C) Challenge: Compliance with org policies
Solutions:
- Policy-as-Code Implementation: Encode organizational policies directly into the agent’s decision-making process as executable rules that are checked before every action.
- Monitoring with Audit Trails: Create comprehensive logging and monitoring systems that track all agent actions against policy requirements and generate compliance reports.
- Policy Training and Context Injection: Embed organizational policies directly into the agent’s knowledge base and ensure they’re consistently referenced during decision-making.
Evaluation
A) Challenge: Agent performance
Solutions:
- Simulation Environment: Track real-world performance with monitoring tools (latency, failure rates, hallucinations)

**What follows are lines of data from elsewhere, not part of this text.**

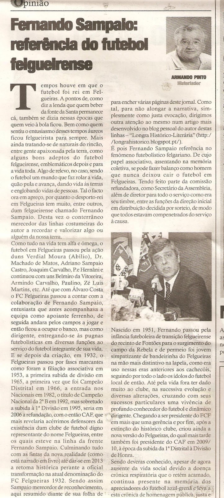 entre outros, dum felgueirense chamado Fernando Sampaio. Desta vez o
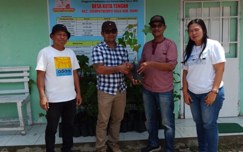 Bibit tersebut diserahkan langsung oleh pengurus AMPEDA kepada Kepala Desa Kuta Tengah, Marsana Simamora, sebagai bagian dari dukungan terhadap program Bupati Dairi dalam gerakan penanaman satu juta pohon yang bertujuan memperkuat konservasi lingkungan sekaligus meningkatkan nilai ekonomi masyarakat melalui tanaman produktif.
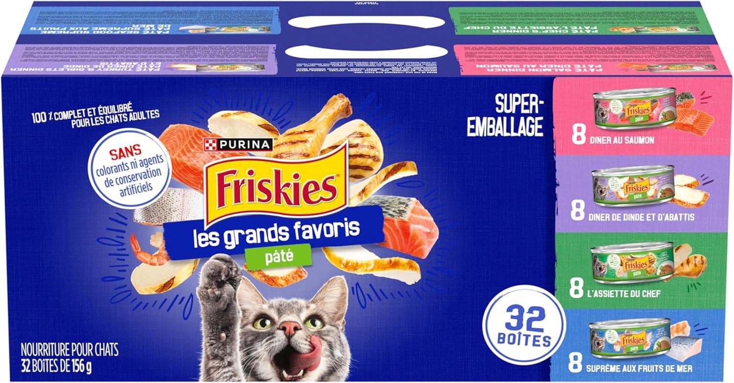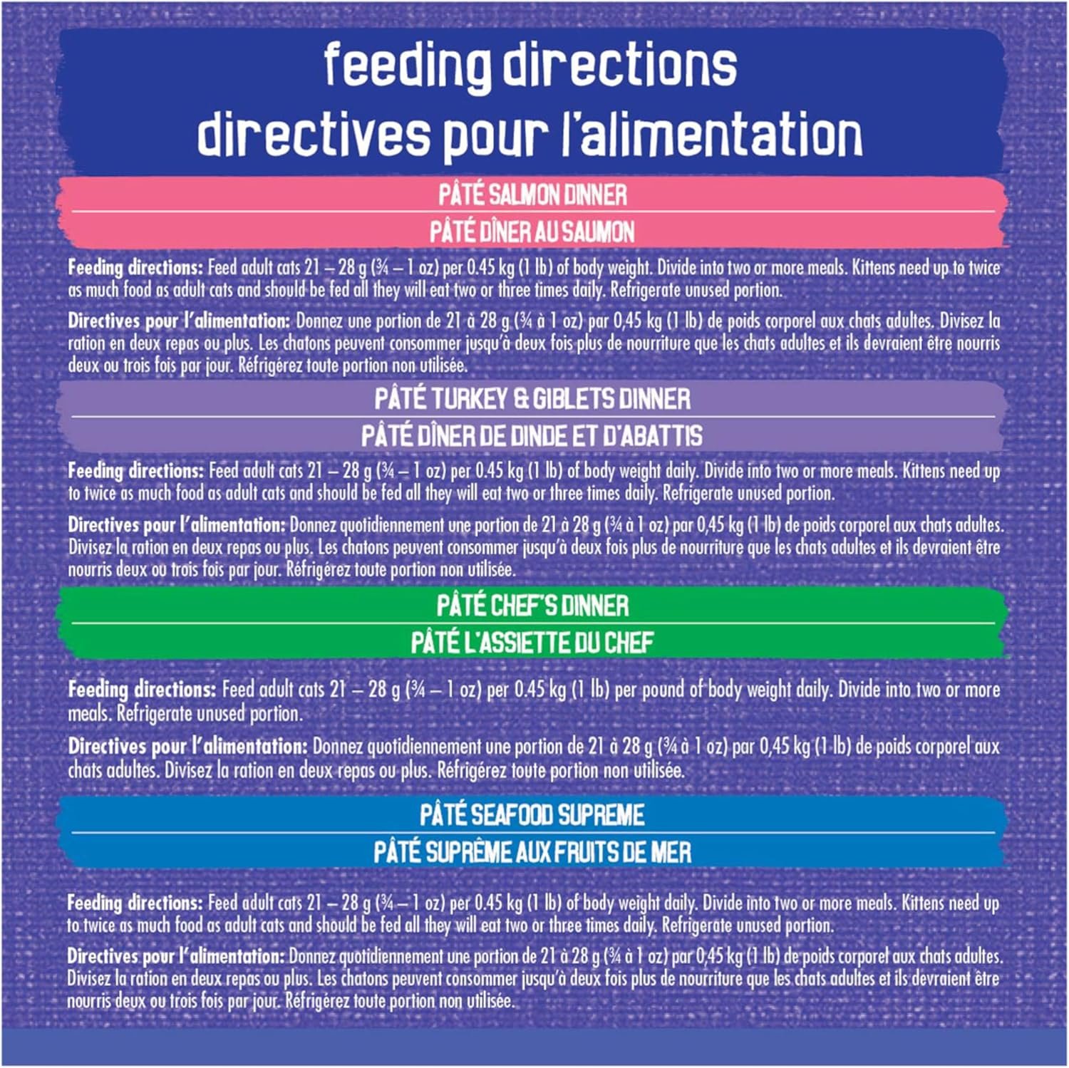 Finely ground and delightfully smooth pate assortment. Contains 8 x Friskies Pate Salmon Dinner, 8 x Friskies Pate Chef’s Dinner, 8 x Friskies Pate Seafood Supreme, and 8 x Friskies Pate Turkey & Giblets Dinner.

- Robust Prompt & Response Validation: Design structured prompts (with clear instructions, constraints, and examples) and use guardrails to validate model outputs (e.g., type checking, regex validation, schema enforcement).

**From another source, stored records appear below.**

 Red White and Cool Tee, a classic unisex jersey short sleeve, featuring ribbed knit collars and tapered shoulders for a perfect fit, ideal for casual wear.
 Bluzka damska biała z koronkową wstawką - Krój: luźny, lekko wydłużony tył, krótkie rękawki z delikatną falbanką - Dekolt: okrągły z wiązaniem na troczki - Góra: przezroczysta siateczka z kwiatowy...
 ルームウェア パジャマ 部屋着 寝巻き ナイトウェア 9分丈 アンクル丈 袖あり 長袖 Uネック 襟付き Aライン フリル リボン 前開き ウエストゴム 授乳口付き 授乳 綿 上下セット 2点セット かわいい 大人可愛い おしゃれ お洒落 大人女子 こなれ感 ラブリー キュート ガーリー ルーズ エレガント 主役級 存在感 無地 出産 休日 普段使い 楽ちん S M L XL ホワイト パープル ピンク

B) Challenge: Edge case failures
Solutions:
- Test across edge cases: Validate against invalid inputs, missing data, ambiguous instructions
- Fallback & Recovery Mechanism: Always define fallback paths when the agent fails or is uncertain.
- Human-in-the-Loop: There will always be scenarios that can’t be caught by systems; don’t forget to keep human in the loop for check and balance!
Conclusion
Success with LLMs isn’t about making the most complex system—it’s about building the right one for your needs. Start simple with prompts, test and improve them, and only add multi-step agent workflows if simpler solutions don’t work.
When building agents, focus on key principles:
- Invest in your data infrastructure, organize structured, semi-structured and unstructured data
- Plan system integrations for agent-computer interface (ACI),
- L0: software/database/APIs
- L1: agents
- L2: interface (user)Plan system integrations for agent-computer interface (ACI),
- Identify the right use cases that will have material impact for your org (ROI)
- Keep the agentic design simple
- Make the process transparent by showing how the agent plans its steps
Frameworks are useful to get started, but as you move to production, it often helps to reduce complexity and work with basic components. Following these principles leads to agents that are powerful, reliable, easy to maintain, and trusted by users.